- What this task involves: Find the line with "фирм в Нижневартовске" in the records below. Output exactly from there until after the line with "Вот результаты через", without pictures.

- Material for this task:

===

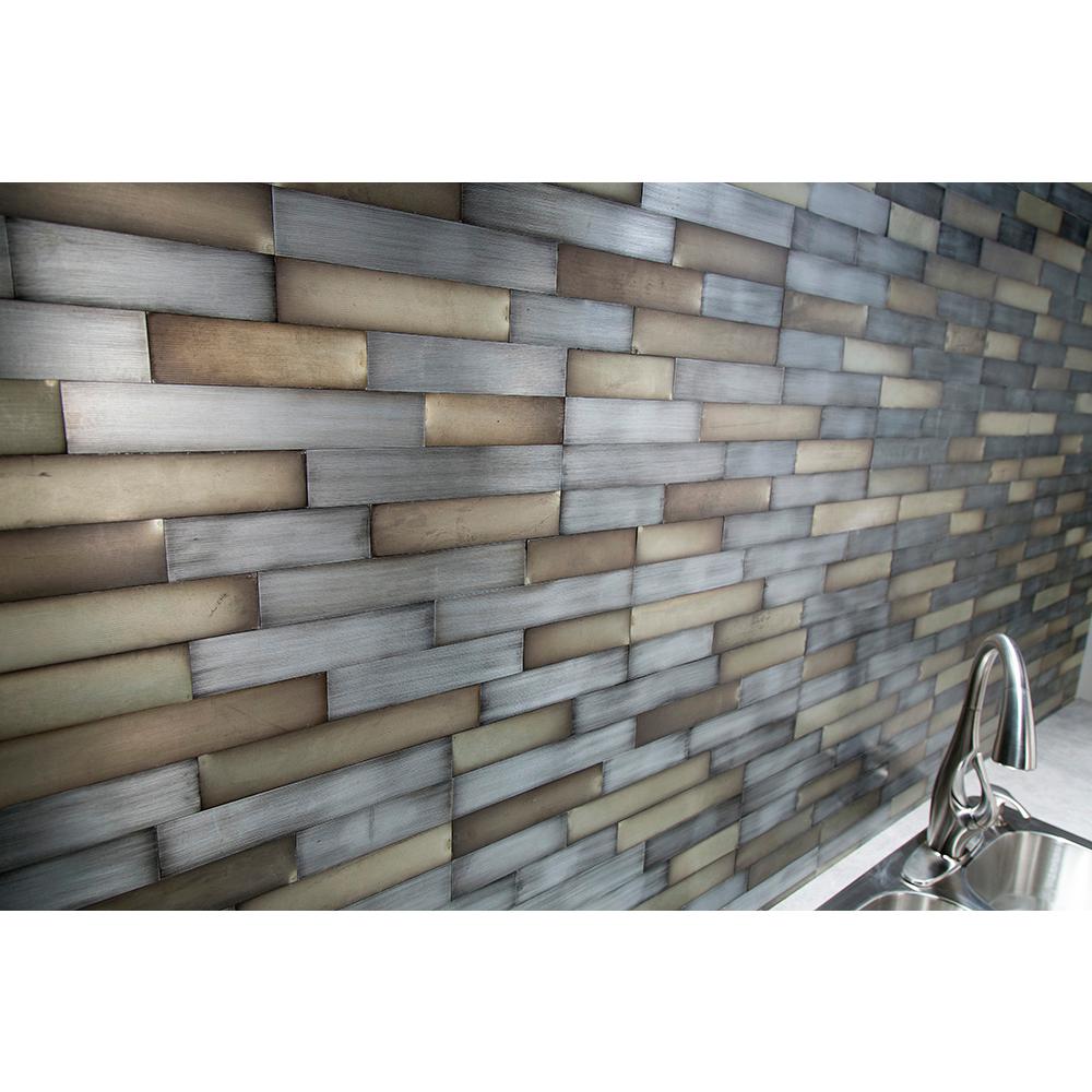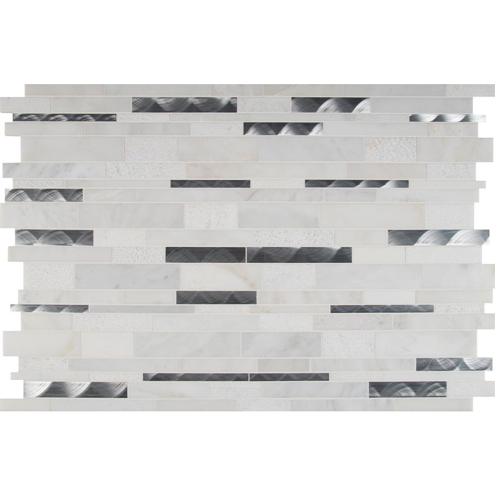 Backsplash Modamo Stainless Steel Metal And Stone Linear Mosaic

===

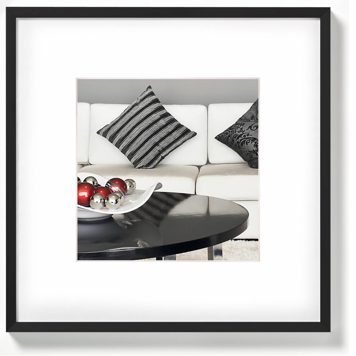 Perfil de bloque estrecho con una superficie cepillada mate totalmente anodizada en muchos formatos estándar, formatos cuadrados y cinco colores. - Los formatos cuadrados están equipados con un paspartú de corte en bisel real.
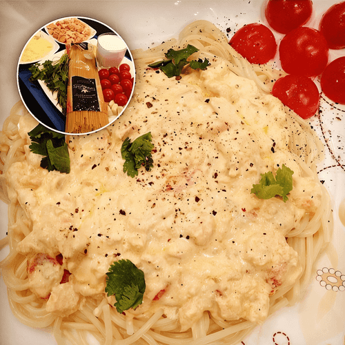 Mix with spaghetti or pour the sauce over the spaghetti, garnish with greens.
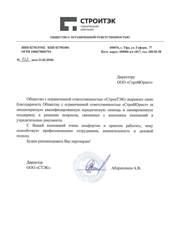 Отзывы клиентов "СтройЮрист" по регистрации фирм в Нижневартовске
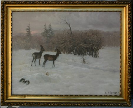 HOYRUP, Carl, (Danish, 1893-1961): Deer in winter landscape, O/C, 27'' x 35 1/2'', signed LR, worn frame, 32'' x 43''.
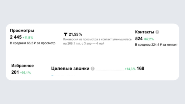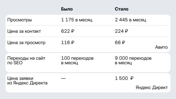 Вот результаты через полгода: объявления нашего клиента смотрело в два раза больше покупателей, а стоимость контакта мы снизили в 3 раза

===

- Output below:
 Отзывы клиентов "СтройЮрист" по регистрации фирм в Нижневартовске
 HOYRUP, Carl, (Danish, 1893-1961): Deer in winter landscape, O/C, 27'' x 35 1/2'', signed LR, worn frame, 32'' x 43''.
 Вот результаты через полгода: объявления нашего клиента смотрело в два раза больше покупателей, а стоимость контакта мы снизили в 3 раза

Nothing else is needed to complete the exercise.